Dzisiaj na GPW za akcje PKO BP płaci się 22,66 zł, od początku roku kurs spadł o jedną trzecią. Haitong uwzględnił w prognozie ostatnią obniżkę stopy referencyjnej przez NBP o 40 pb. do 0,1 proc.
Prognoza dużo wyższa niż oczekuje rynek
Komentarze zarządu po publikacji wyników za II kw. 2020 r. były dość optymistyczne, ale analitycy pozostają ostrożni, jeżeli chodzi o przyszłoroczne koszty ryzyka. Podstawowym scenariuszem pozostaje krótkie U-kształtne odbicie gospodarcze, mniej dotkliwe konsekwencje gospodarcze drugiej fali pandemii (która sądząc po liczbie zachorowań już się zaczęła) i brak dalszych obniżek stóp procentowych. Po uwzględnieniu obniżek stóp procentowych analitycy obniżają prognozę marży odsetkowej netto na lata 2020/21 o 4/9 proc. Oczekują, że we wspomnianym okresie marża odsetkowa netto banku spadnie o 32/21 pb. do 2,89/2,68 proc., co będzie zneutralizowane przez wysoki wzrost aktywów i większą kontrolę kosztów.

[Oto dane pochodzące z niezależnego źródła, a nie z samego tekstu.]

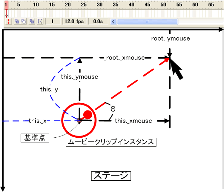 したがって、キャラクタが置かれているタイムラインの位置(_parent._ymouse, _parent._xmouse)からキャラクタがステージに置かれている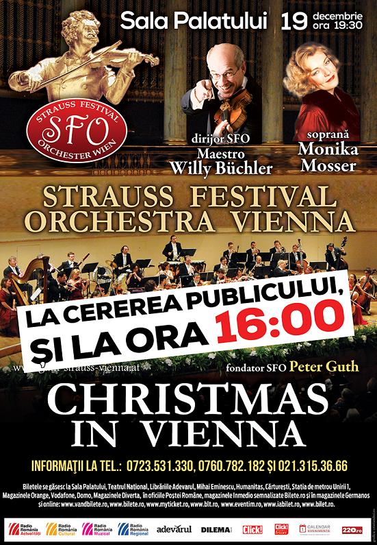 La cererea publicului, concertul “Christmas in Vienna” va avea loc și de la ora 16.00. Publicul va beneficia de același program și aceeași strălucire ca la spectacolul de seara, dar prețurile vor fi mai mici, pentru a veni în întâmpinarea tuturor categoriilor de populație.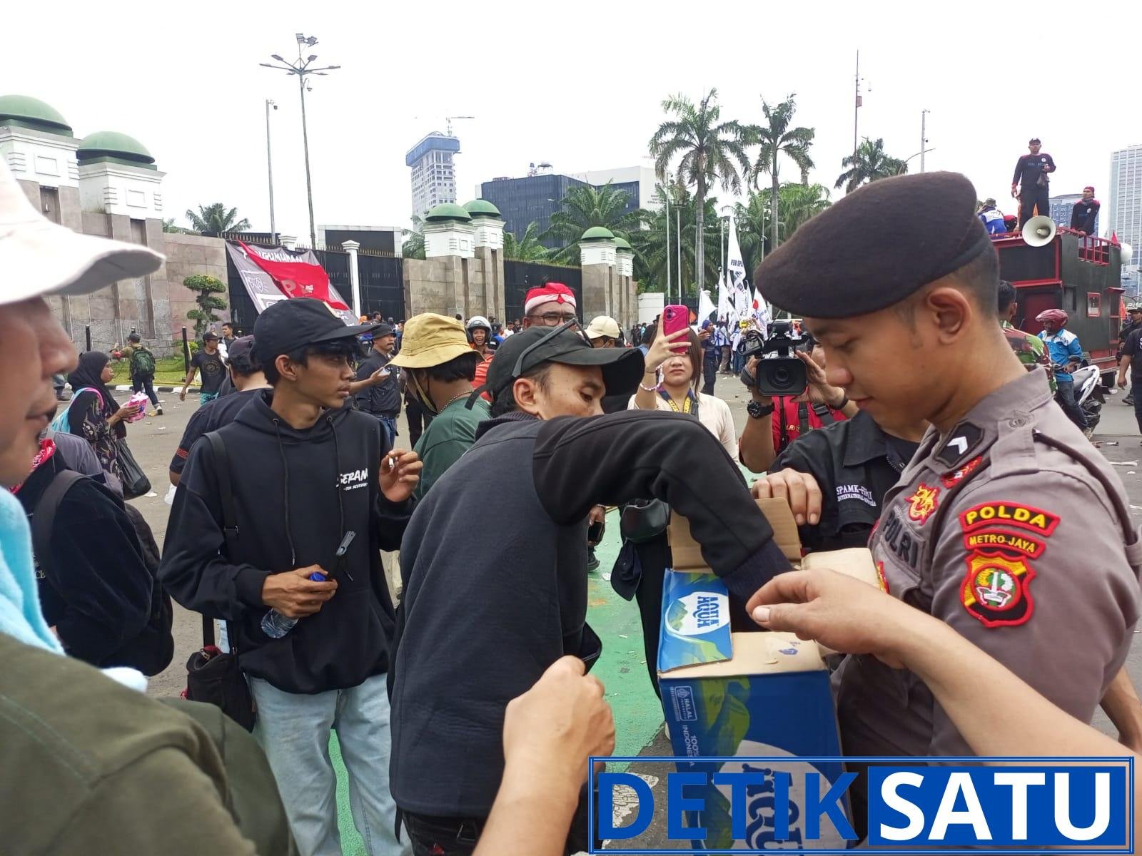 Pembagian air mineral dan roti ini menjadi bagian dari upaya Polri dalam memberikan pelayanan humanis kepada masyarakat yang sedang menyampaikan aspirasi.
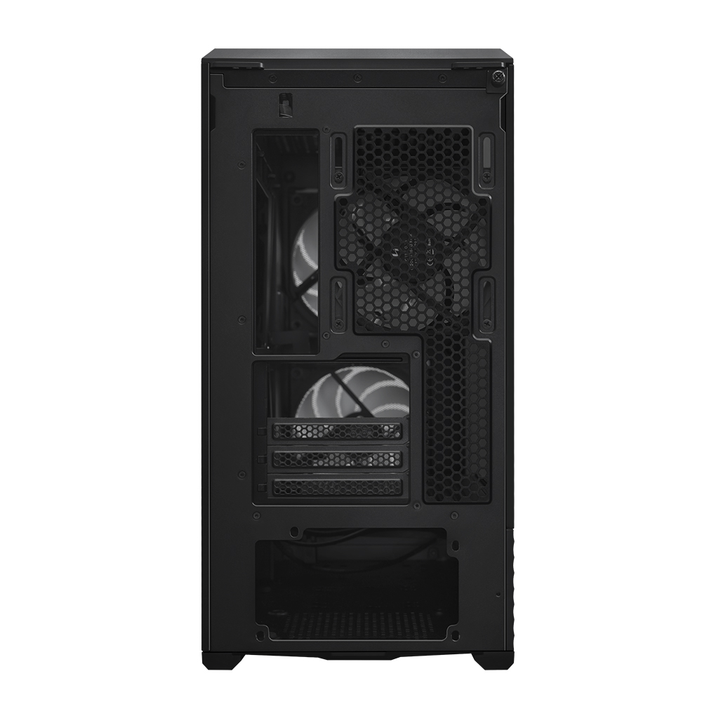 140mm ARGBファンを2基フロントに標準搭載し、コンパクトな筐体ながら、華やかなルックスと強力なエアフローを実現しています。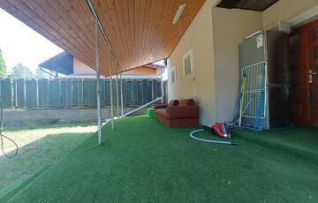 Az udvaron található egy 17 nm-es garázs szerelő aknával, valamint egy 20 nm-es fedett kocsibeálló is. A kert gondosan ápolt, örökzöldekkel és termő gyümölcsfákkal, ami igazán barátságossá teszi a környezetet.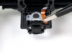 Держите сборку триггера над контроллером, используйте пинцет, чтобы отключить ленту триггера, схватившись за тянущую метку и потянув от разъема.
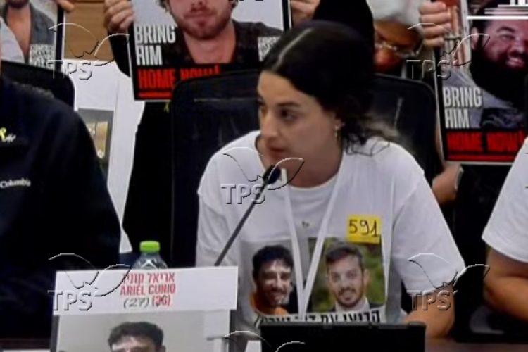 “Do you think it makes sense that I should cry out for the freedom of my beloved Ariel, his brother David, and the rest of the hostages? They are there as hostages for the lives of the terrorists and the survival of the Netanyahu government,” she told lawmakers.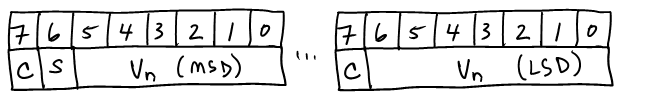 And finally, set the sign bit (S) to 0 to indicate a positive value and the continuation bit of each byte (C) except the last to 1: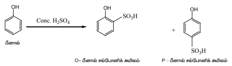 280K வெப்பநிலையில் பீனால் அடர் அடர் H2SO4உடன் வினைப்பட்டு O– பீனால் சல்போனிக் அமிலம் முக்கிய விளைபொருளாக கிடைக்கிறது. மாறாக 373K வெப்பநிலையில் p - பீனால் சல்போனிக் அமிலம் முக்கிய விளை பொருளாக கிடைக்கிறது.

Analitycy obniżyli prognozę zysku netto na lata 2020/21 o odpowiednio 15/23 proc. do 3,02 mld PLN (spadek o 25 proc. r/r) i 3,27 mld PLN (wzrost o 8 proc. r/r). Prognozy Haitong Banku na wspominany okres różnią się od konsensusu in plus odpowiednio o 28/29 proc. W opinii analityków wynika to głównie z wysoce nieprzewidywalnych skutków pandemii, szczególnie jeżeli chodzi o wartość akcji kredytowej i poziomu ryzyka oraz różne założenia co do poziomu stóp procentowych w perspektywie średnioterminowej. Kurs akcji PKO BP spadł w ciągu miesiąca o 2,3 proc. (mniej niż WIG-BANKI, który spadł o 3,7 proc.). Spółka na rok 2020 jest wyceniana według wskaźnika P/E na poziomie 9,6x (wobec konsensusu Bloomberga na poziomie 13,1x), co zdaniem analityków jest nieusprawiedliwione, biorąc pod uwagę silną pozycję kapitałową banku i wysoki stosunek zysku operacyjnego przed rezerwami do kredytów brutto, co pozwoli bankowi poradzić sobie z ewentualnymi wyższymi kosztami ryzyka. Analitycy obniżają cenę docelową akcji do 26,2 PLN (przy uwzględnieniu strat z tytułu portfela kredytów frankowych w wysokości 3,6 PLN na akcję, tj. 12 proc.), co oznacza 13-procentowy potencjał wzrostowy.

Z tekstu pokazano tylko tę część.